The concept of what he terms test-time training is also brought up by Aravind Srinivas. By this he refers to a system that monitors the habits that a person repeats on his or her own machine such as adjusting pictures, writing messages, organizing presentations, or sorting files and gradually becomes accustomed to these habits. Eventually, this system would start performing tasks that are familiar to it without the necessity of relaying information to other places. 

In this incarnation, he postulates, artificial intelligence ceases to seem like a distinct tool that one consults, and begins to appear more like an internal organ, a presence that evolves with its user. It is not leased, but owned. It is your own mind, as he puts it.

Are Massive Data Center Bets Becoming a Liability?

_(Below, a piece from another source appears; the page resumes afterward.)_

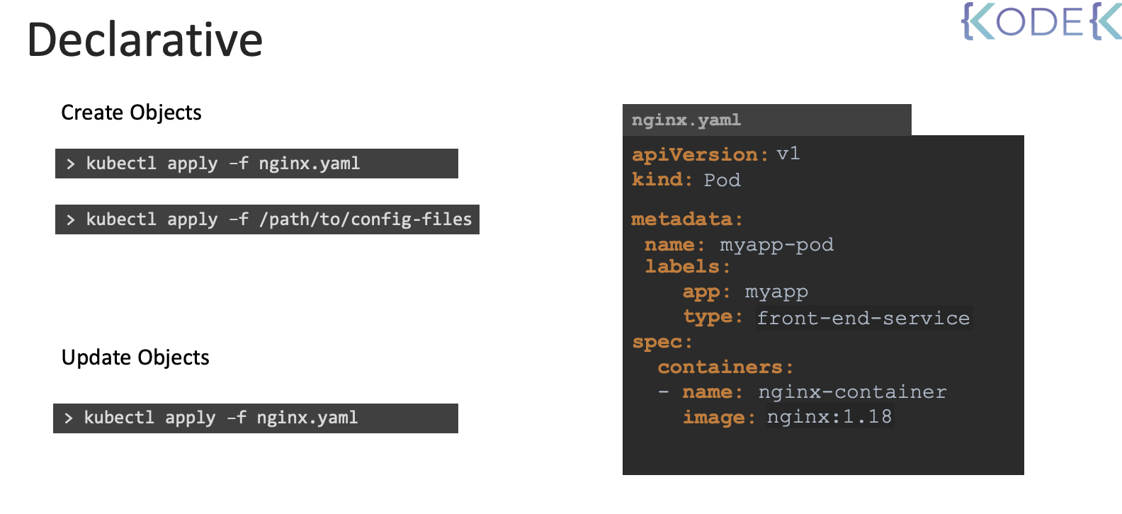 선언적 접근 방식은 kubectl apply 명령으로 Kubernetes 클러스터에서 응용 프로그램과 서비스의 상태를 정의하는 파일 집합을 만드는 것이다. Kubernetes는 구성 파일을 읽고 인프라를 정의한 상태로 만들기 위해 무엇을 해야 하는지 스스로 결정할 수 있어야 한다. 따라서 선언적 접근 방식에서는 kubectl apply를 실행하여 객체를 생성, 업데이트 또는 삭제하기 위한 명령을 적용한다. kubectl apply 명령은 기존 구성을 살펴보고 시스템에 어떤 변경이 필요한지 파악한다.

He does not deny that cloud-based intelligence still has its uses. What he questions is the wisdom of pouring extraordinary sums into ever-larger centers of computation if comparable intelligence can live at the edge, inside ordinary devices. At present, the largest technology firms are wagering hundreds of billions, even trillions of rupees, on vast buildings crowded with processors in the hope of securing dominance. Yet if locally run AI advances as quickly as he expects, Srinivas argues that this logic weakens. In such a world, the concentration of intelligence in distant places would appear less a necessity than a costly habit carried over from an earlier stage.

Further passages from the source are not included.